Governance

Concepts

The governance process is divided in a few steps that are outlined below:

  • Proposal submission: Proposal is submitted to the blockchain with a deposit.

  • Vote: Once deposit reaches a certain value (MinDeposit), proposal is confirmed and vote opens. Bonded Iris holders can then send TxGovVote transactions to vote on the proposal.

  • If the proposal involves a software upgrade:

    • Signal: Validators start signaling that they are ready to switch to the new version.
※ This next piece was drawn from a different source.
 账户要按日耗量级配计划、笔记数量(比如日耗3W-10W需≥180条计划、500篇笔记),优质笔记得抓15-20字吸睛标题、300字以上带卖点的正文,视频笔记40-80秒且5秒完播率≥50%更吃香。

    • Switch: Once more than 75% of validators have signaled that they are ready to switch, their software automatically flips to the new version.

Proposal submission

Right to submit a proposal

Every account can submit proposals by sending a MsgSubmitProposal transaction. Once a proposal is submitted, it is identified by its unique proposalID.

Proposal types

A proposal includes an array of sdk.Msgs which are executed automatically if the proposal passes. The messages are executed by the governance ModuleAccount itself. Modules such as x/upgrade, that want to allow certain messages to be executed by governance only should add a whitelist within the respective msg server, granting the governance module the right to execute the message once a quorum has been reached. The governance module uses the MsgServiceRouter to check that these messages are correctly constructed and have a respective path to execute on but do not perform a full validity check.

Deposit

To prevent spam, proposals must be submitted with a deposit in the coins defined by the MinDeposit param.
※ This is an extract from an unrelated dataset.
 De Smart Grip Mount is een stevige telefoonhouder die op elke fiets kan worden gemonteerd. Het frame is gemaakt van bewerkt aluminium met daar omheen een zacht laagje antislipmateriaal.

When a proposal is submitted, it has to be accompanied with a deposit that must be strictly positive, but can be inferior to MinDeposit. The submitter doesn't need to pay for the entire deposit on their own. The newly created proposal is stored in an inactive proposal queue and stays there until its deposit passes the MinDeposit. Other token holders can increase the proposal's deposit by sending a Deposit transaction. If a proposal doesn't pass the MinDeposit before the deposit end time (the time when deposits are no longer accepted), the proposal will be destroyed: the proposal will be removed from state and the deposit will be burned (see x/gov EndBlocker). When a proposal deposit passes the MinDeposit threshold (even during the proposal submission) before the deposit end time, the proposal will be moved into the active proposal queue and the voting period will begin.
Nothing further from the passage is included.